### [What the exercise asks]
Ignoring every picture, return the lines of the listing below word for word, from the line that holds "Das Dach musste" through the line that holds "음악의 언덕 옆에는 ‘바람의".

### [Source material]
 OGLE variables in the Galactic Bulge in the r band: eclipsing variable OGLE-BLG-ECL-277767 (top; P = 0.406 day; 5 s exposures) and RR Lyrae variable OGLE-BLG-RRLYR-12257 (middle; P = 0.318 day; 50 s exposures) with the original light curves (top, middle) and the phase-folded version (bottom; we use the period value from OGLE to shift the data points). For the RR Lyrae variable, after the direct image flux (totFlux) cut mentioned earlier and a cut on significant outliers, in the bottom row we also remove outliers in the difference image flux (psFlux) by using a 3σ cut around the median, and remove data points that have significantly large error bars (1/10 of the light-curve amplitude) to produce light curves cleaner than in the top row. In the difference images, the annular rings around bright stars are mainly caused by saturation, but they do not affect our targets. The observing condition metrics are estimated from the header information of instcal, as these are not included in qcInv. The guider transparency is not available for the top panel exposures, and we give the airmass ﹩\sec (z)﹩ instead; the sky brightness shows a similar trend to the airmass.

--

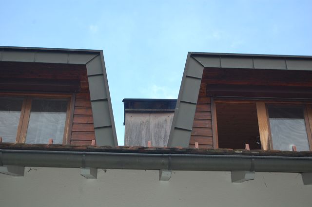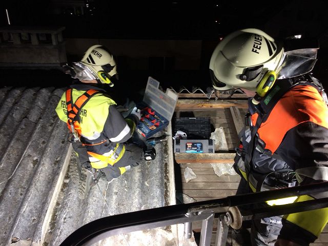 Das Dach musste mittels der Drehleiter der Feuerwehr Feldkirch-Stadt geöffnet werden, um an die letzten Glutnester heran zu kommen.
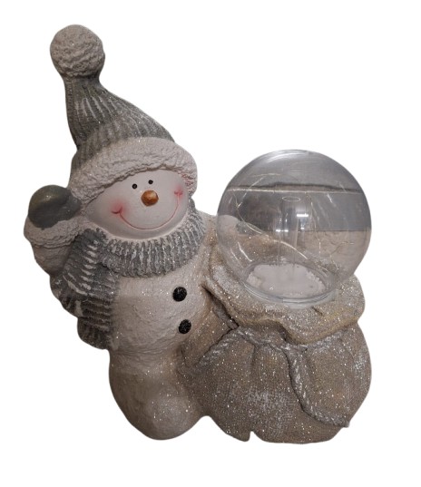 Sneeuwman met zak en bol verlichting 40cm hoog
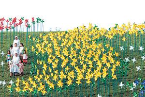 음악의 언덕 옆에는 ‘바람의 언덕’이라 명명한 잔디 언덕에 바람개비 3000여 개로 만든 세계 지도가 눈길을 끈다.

---

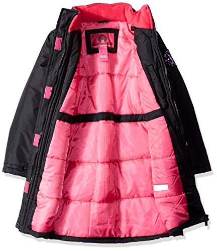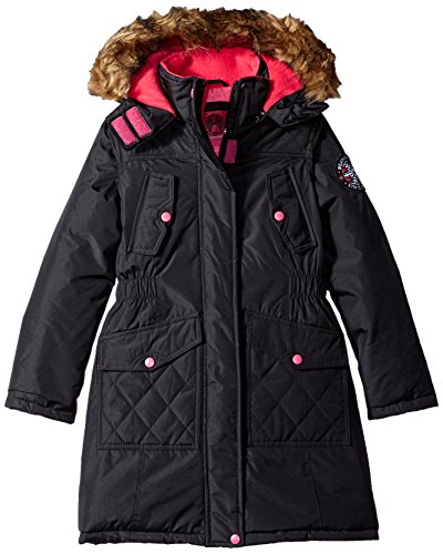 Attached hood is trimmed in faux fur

### [Task answer]
 Das Dach musste mittels der Drehleiter der Feuerwehr Feldkirch-Stadt geöffnet werden, um an die letzten Glutnester heran zu kommen.
 Sneeuwman met zak en bol verlichting 40cm hoog
 음악의 언덕 옆에는 ‘바람의 언덕’이라 명명한 잔디 언덕에 바람개비 3000여 개로 만든 세계 지도가 눈길을 끈다.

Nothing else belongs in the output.